Vector auto-regressive models - multivariate OLS. For specific assumptions and limits ML can be used. Unstable VAR is generally concerned with co-integration detection and uses state of art ML method (Johansen 1991, Banerjee and Hendry 1992). Bayesian VAR (BVAR) can be used e.g. Litterman (1986) method.
Liner hidden-variable models - Kalman filter. Two main methods - ML based and subspace based.
Nonlinear hidden-variable models - MS-VAR can be estimated using EM algorithm.

Ch 10: Practical consideration with optimizer

softwares are available but understanding of the procedure is important for robustness and accuracy. Fortunately in finance, most problems have one unique optimal solution. Standard forms are - linear, quadratic, convex, conic, nonlinear. Markowitz's optimization is quadratic. Quadratic, convex and conic have unique solutions.

Solving the optimization problem - formulate problem, choose optimizer, solve problem. Re-sampled optimization can be used.

Ch 11: Industry survey

US $4 trillion asset under management. 2005. US and European managers.

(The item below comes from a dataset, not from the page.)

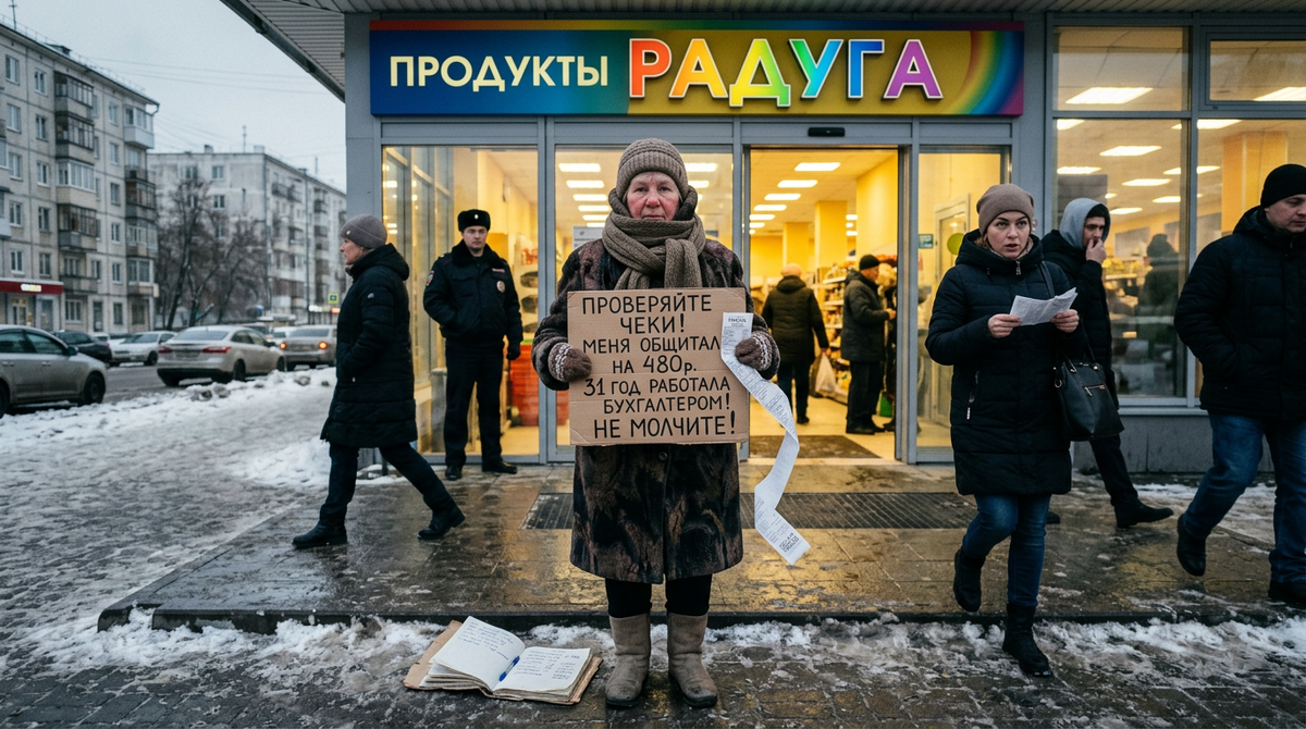 Встала на тротуаре, как обещала. С табличкой от руки: «Магазин РАДУГА обманывает покупателей. Проверяйте чеки».

Equity return forecasting techniques - Simple methods with economic intuition preferred. Momentum and reversal are most widely used. Regression using predictors like financial ratios is the bread and butter. Desire to combine company fundamentals to sentiments. Auto-regressive, co-integration, state-space, regime-switching, nonlinear methods (NN, DT) are central in some companies. Growing interest in high-frequency data.
Models based on exogenous predictors - operating efficiency, financial strength, earning quality, capital expenditure etc as core bottom-up equity model. Fundamental combined with momentum/reversal models.
Momentum and reversal models - use of multiple time horizon, most widely used, turnover is a concern - weighting and penalty functions used to mitigate it.
co-integration models - performance sensitive to liquidity and volatility. many firms use it as it models short term dynamics and long term equilibrium.
Markov-switching/regime-switching models - not used widely as market timing is difficult to predict.
auto-regressive models - Not been widely evaluated! A step ahead of momentum models. Over-fitting is cautioned.
state-space models - not widely used.
nonlinear models - potential in NN, DT. Some already use it.
models of higher-moment dynamics - e.g GARCH, used by very few.

Model risk mitigation techniques - mostly co-variance matrix estimation.
Bayesian estimation - hard to implement explicitly but used implicitly.
Shrinkage/Averaging - widely used.
random coefficient models - hardly used. randomization of data to ensure against over-fitting used.

Optimization techniques - half the firms use it, other half distrust it.
Robust optimization - re-sampling methods
multistage stochastic optimization - hardly used.

Ch 12: Today and tomorrow

Changing markets is a reality. Supervision is required. Regression is the king today. Text mining may be becoming hot.